How FuzzyAI Compares

FuzzyAI fills a specific role among AI security tools: focused jailbreak fuzzing with mutation-based attack techniques. It is narrower in scope but deeper in jailbreak coverage compared to multi-purpose LLM security scanners. The mutation-based fuzzing methodology is the editorial wedge — peers ship fixed probe libraries, FuzzyAI generates novel variants on the fly.

Garak is the broadest peer with 50+ probe modules covering prompt injection, hallucination, toxicity, and data leakage. Garak is the better pick when broad scanner coverage matters more than jailbreak-specific depth, and when NVIDIA backing and a larger community influence tooling decisions.

Augustus is the closest single-binary alternative — Praetorian’s Go-based scanner with 210+ adversarial probes across 47 attack categories. Augustus is the right fit when production deployment in CI runners and air-gapped environments needs a single Go binary instead of a Python framework.

PyRIT is Microsoft’s multi-turn red teaming orchestrator, built for enterprise AI red team campaigns with strong Azure integration and human-in-the-loop workflows. PyRIT excels at orchestrating long campaigns; FuzzyAI is the right tool when generating novel jailbreak variants is the core need.

Promptfoo is an evaluation framework that combines red teaming with prompt testing and model comparison. Promptfoo fits teams that want one tool for both quality and security evals rather than a security-focused fuzzing specialist.

DeepTeam is the structured-OWASP alternative with explicit Top 10 for LLMs mapping and compliance-focused reporting. DeepTeam is the better fit when audit evidence and framework alignment outrank raw attack-surface depth.
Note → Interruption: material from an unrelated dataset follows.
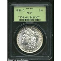 <TR><TD width="100%"><TABLE cellSpacing=1 cellPadding=3 width="100%" border=0><TBODY><TR><TD width="100%" bgColor=#79735c><FONT face=arial color=#ffffff size=3><B>Description</B> </FONT></TD></TR><TR><TD width="100%" bgColor=#ffffff><FONT face=arial size=2><B>1894-O $1 MS64 PCGS.</B></I> Untoned with thick, satiny luster in the pristine fields and a strong strike for this notoriously weak New Orleans issue. Only the presence of a few minor luster grazes on Liberty's cheekbone and above her eye spoil the chances for a Gem rating. Still, one of the nicest '94-O Morgans we have seen. </FONT></TD></TR></TBODY></TABLE></TD></TR></TBODY></TABLE><BR><A name=PricesRealized></A><TABLE cellSpacing=0 cellPadding=0 width="100%" bgColor=#000000 border=0><TBODY><TR><TD width="100%"><TABLE cellSpacing=1 cellPadding=3 width="100%" border=0><TBODY><TR><TD width="100%" bgColor=#79735c><A name=PR><FONT face=arial color=#ffffff size=3><B>Previous Prices from Heritage Auctions</B> </FONT></A></TD></TR><TR><TD bgColor=#f6f6ed><TABLE cellSpacing=0 cellPadding=0 width="100%" border=1><TBODY><TR><TD align=middle width="33%"><B>Date</B></TD><TD align=middle width="33%"><B>Service</B></TD><TD align=middle width="33%"><B>Price</B></TD></TR><TR bgColor=whitesmoke><TD width="33%"><B>03/23/2003</B></TD><TD width="33%">PCGS</TD><TD width="33%">$5,175.00</TD></TR><TR bgColor=whitesmoke><TD width="33%"><B>02/16/2000</B></TD><TD width="33%">PCGS</TD><TD width="33%">$4,945.00</TD></TR><TR bgColor=whitesmoke><TD width="33%"><B>01/01/2001</B></TD><TD width="33%">PCGS</TD><TD width="33%">$4,830.00</TD></TR><TR bgColor=whitesmoke><TD width="33%"><B>08/06/2001</B></TD><TD width="33%">PCGS</TD><TD width="33%">$4,025.00</TD></TR><TR bgColor=whitesmoke><TD width="33%"><B>04/27/2002</B></TD><TD width="33%">PCGS</TD><TD width="33%">$5,175.00</TD></TR><TR bgColor=whitesmoke><TD width="33%"><B>11/19/1999</B></TD><TD width="33%">PCGS</TD><TD width="33%">$4,312.50</TD></TR><TR bgColor=whitesmoke><TD width="33%"><B>01/05/2001</B></TD><TD width="33%">PCGS</TD><TD width="33%">$4,255.00</TD></TR><TR bgColor=whitesmoke><TD width="33%"><B>06/07/2000</B></TD><TD width="33%">PCGS</TD><TD width="33%">$4,255.00</TD></TR><TR bgColor=whitesmoke><TD width="33%"><B>09/22/1999</B></TD><TD width="33%">PCGS</TD><TD width="33%">$4,500.00</TD></TR><TR bgColor=whitesmoke><TD width="33%"><B>08/13/1999</B></TD><TD width="33%">PCGS</TD><TD width="33%">$5,405.00</TD></TR><TR bgColor=whitesmoke><TD width="33%"><B>06/01/1997</B></TD><TD width="33%">PCGS</TD><TD width="33%">$5,390.00</TD></TR><TR bgColor=whitesmoke><TD width="33%"><B>01/01/1997</B></TD><TD width="33%">PCGS</TD><TD width="33%">$5,500.00</TD></TR><TR bgColor=whitesmoke><TD width="33%"><B>01/11/2003</B></TD><TD width="33%">NGC</TD><TD width="33%">$3,795.00</TD></TR><TR bgColor=whitesmoke><TD width="33%"><B>02/23/2002</B></TD><TD width="33%">NGC</TD><TD width="33%">$3,220.00</TD></TR><TR bgColor=whitesmoke><TD width="33%"><B>02/12/2000</B></TD><TD width="33%">NGC</TD><TD width="33%">$3,795.00</TD></TR><TR bgColor=whitesmoke><TD width="33%"><B>11/30/1999</B></TD><TD width="33%">NGC</TD><TD width="33%">$3,900.00</TD></TR><TR bgColor=whitesmoke><TD width="33%"><B>12/14/1999</B></TD><TD width="33%">NGC</TD><TD width="33%">$4,000.00</TD></TR><TR bgColor=whitesmoke><TD width="33%"><B>11/18/1999</B></TD><TD width="33%">NGC</TD><TD width="33%">$6,900.00</TD></TR><TR bgColor=whitesmoke><TD width="33%"><B>05/05/2000</B></TD><TD width="33%">NGC</TD><TD width="33%">$3,910.00</TD></TR><TR bgColor=whitesmoke><TD width="33%"><B>11/01/1995</B></TD><TD width="33%">NGC</TD><TD width="33%">$3,080.00</TD></TR><TR bgColor=whitesmoke><TD width="33%"><B>01/01/1999</B></TD><TD width="33%">NGC</TD><TD width="33%">$5,060.00</TD></TR><TR bgColor=whitesmoke><TD width="33%"><B>08/02/1997</B></TD><TD width="33%">ANACS</TD><TD width="33%">$16,675.00</TD></TR></TBODY></TABLE></TD></TR><TR><TD bgColor=#ffffff><FONT face=arial size=1 ?>PLEASE NOTE: All prices realized reflect the final hammer price PLUS the buyer's premium in auctions that charge a buyer's premium. Each item has a notation at the top of the listing indicating whether that lot included a buyer's premium. Example: A item that sells with a final hammer price of $100 and a 20% buyer's premium will display with a price realized of $120. All information listed is intended to be as accurate as possible, but errors are possible. Please use this guide carefully and inform us of any inaccuracies. </FONT></TD></TR></TBODY></TABLE></TD></TR></TBODY></TABLE><BR><TABLE cellSpacing=0 cellPadding=0 width="100%" bgColor=#000000 border=0><TBODY><TR><TD width="100%"><TABLE cellSpacing=1 cellPadding=3 width="100%" border=0><TBODY><TR><TD width="100%" bgColor=#79735c colSpan=6><FONT face=arial color=#ffffff size=3><B>Price Guide*</B> </FONT></TD></TR><TR bgColor=#f6f6ed><TD align=middle><B>Grade</B> </TD><TD align=middle><B>Coin World<BR>(Trends)</B> </TD><TD align=middle><B>Numismedia<BR>Retail</B> </TD><TD align=middle><B>Numismedia<BR>Wholesale</B> </TD><TD align=middle><B>Coin<BR>Universe</B> </TD><TD align=middle><B>Heritage<BR>Value Index</B> </TD></TR><TR bgColor=#ffffff><TD align=middle>63</TD><TD align=right>$3,150.00</TD><TD align=right>---</TD><TD align=right>$2,300.00</TD><TD align=right>$3,250.00</TD><TD align=right>$2,125.00</TD></TR><TR style="FONT-WEIGHT: bold" bgColor=#cccfdd><TD align=middle>64</TD><TD align=right>$6,750.00</TD><TD align=right>---</TD><TD align=right>$4,325.00</TD><TD align=right>$6,850.00</TD><TD align=right>$4,810.00</TD></TR><TR bgColor=#ffffff><TD align=middle>65</TD><TD align=right>$45,000.00</TD><TD align=right>---</TD><TD align=right>$41,500.00</TD><TD align=right>$48,500.00</TD><TD align=right>$32,616.67</TD></TR><TR bgColor=#ffffff><TD colSpan=6><FONT size=1>*All information listed is intended to be as accurate as possible, but errors are possible. No item may be returned or refused based on this information which is provided as a service to ou

For runtime protection rather than pre-deployment testing, consider Lakera Guard (acquired by Check Point in September 2025), LLM Guard , or NeMo Guardrails .

Tip

Best for

Security teams and researchers who need to systematically test LLM guardrails for jailbreak vulnerabilities using mutation-based fuzzing techniques. Particularly useful for organizations deploying custom LLM applications that need to verify how well their safety mechanisms hold up.

For a broader overview of AI security threats and defense tools, see the AI security tools category page.

Visit FuzzyAI View source on GitHub (1492★)

Frequently Asked Questions

What is FuzzyAI?

FuzzyAI is an open-source LLM fuzzing framework created by CyberArk Labs. It automatically tests large language models for jailbreak vulnerabilities using 18 attack techniques. Released in December 2024 under Apache 2.0, it has jailbroken every major AI model it was tested against.

Is FuzzyAI free to use?

Yes. FuzzyAI is free and open-source under the Apache 2.0 license. It is available on GitHub at github.com/cyberark/FuzzyAI. You need API keys for the target LLM providers you want to test, but the tool itself is free.

What attack techniques does FuzzyAI support?

FuzzyAI implements 18 attack methods including ArtPrompt (ASCII art obfuscation), DAN (Do Anything Now) persona jailbreaks, crescendo multi-turn escalation, genetic algorithm prompt mutation, ASCII smuggling with invisible Unicode Tag characters, many-shot jailbreaking, PAIR (iterative prompt refinement), ActorAttack, and Best-of-n jailbreaking. You can also add custom attack methods.

Which LLM providers does FuzzyAI support?

FuzzyAI can target models from OpenAI, Anthropic, Google Gemini, Azure OpenAI, AWS Bedrock, Hugging Face, and Ollama (for local models). It also supports custom REST API endpoints, so you can test any LLM that exposes an HTTP API.

How does FuzzyAI compare to Garak?

Both are open-source LLM security testing tools, but they have different focuses. FuzzyAI specializes in jailbreak fuzzing with mutation-based attack techniques (genetic algorithms, crescendo). Garak is a broader vulnerability scanner with 50+ probe modules covering prompt injection, hallucination, toxicity, and data leakage. FuzzyAI goes deeper on jailbreak techniques; Garak covers a wider attack surface.

Can I add custom attack methods to FuzzyAI?

Yes. FuzzyAI is built as an extensible framework specifically designed for researchers and security teams to add their own attack methods. This lets you create domain-specific tests tailored to your organization’s threat model and the specific guardrails your LLM deployments use.